• INPUT DATA:
· · · ·

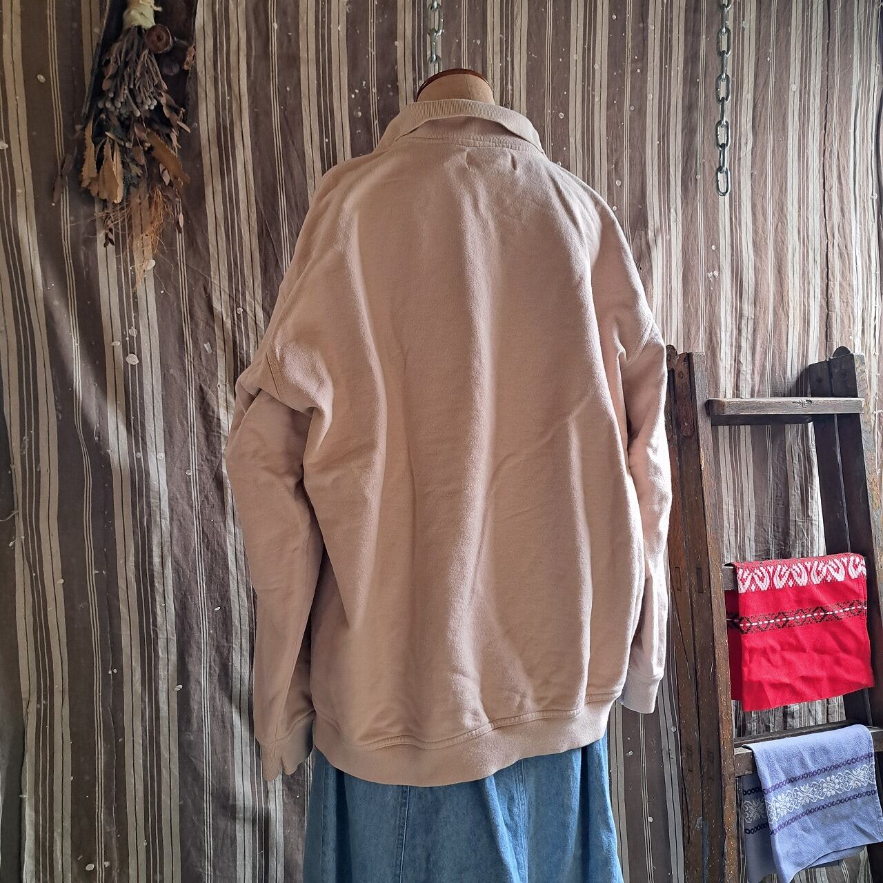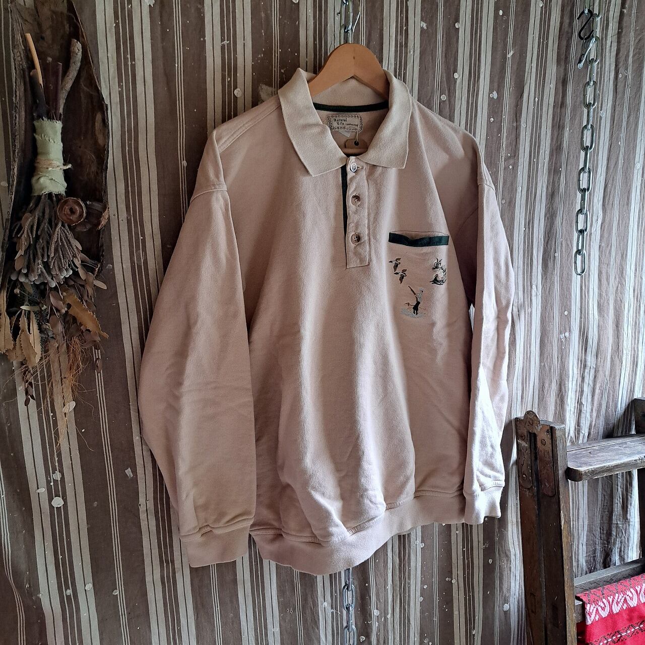 ドイツ製? 刺繍入りハーフボタンスウェット used [503005]
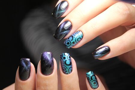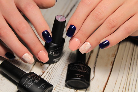 Manicure design nails varnish changes color.
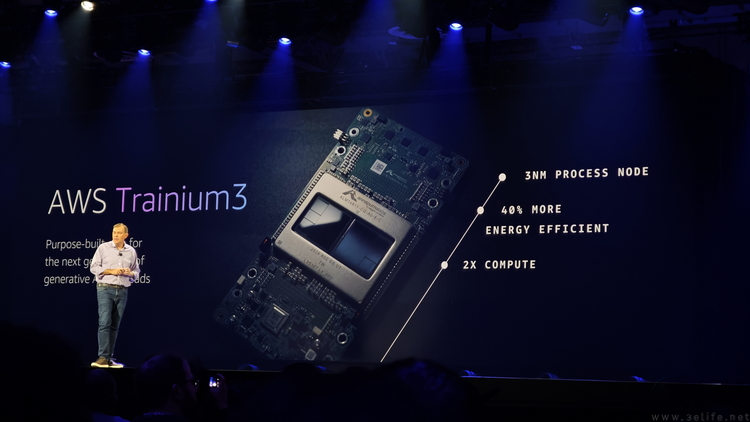 就在此次活动开场后不久,Matt Garman就披露了AWS的最新款的自研AI训练芯片Trainium 3。根据官方公布的信息显示,Trainium 3基于3nm制程打造,能效比上代提高了40%,性能更是达到前代的2倍。

· · · ·

• THE PROBLEM: Could you give the listing above again word for word, without any pictures?

• TASK OUTPUT:
 ドイツ製? 刺繍入りハーフボタンスウェット used [503005]
 Manicure design nails varnish changes color.
 就在此次活动开场后不久,Matt Garman就披露了AWS的最新款的自研AI训练芯片Trainium 3。根据官方公布的信息显示,Trainium 3基于3nm制程打造,能效比上代提高了40%,性能更是达到前代的2倍。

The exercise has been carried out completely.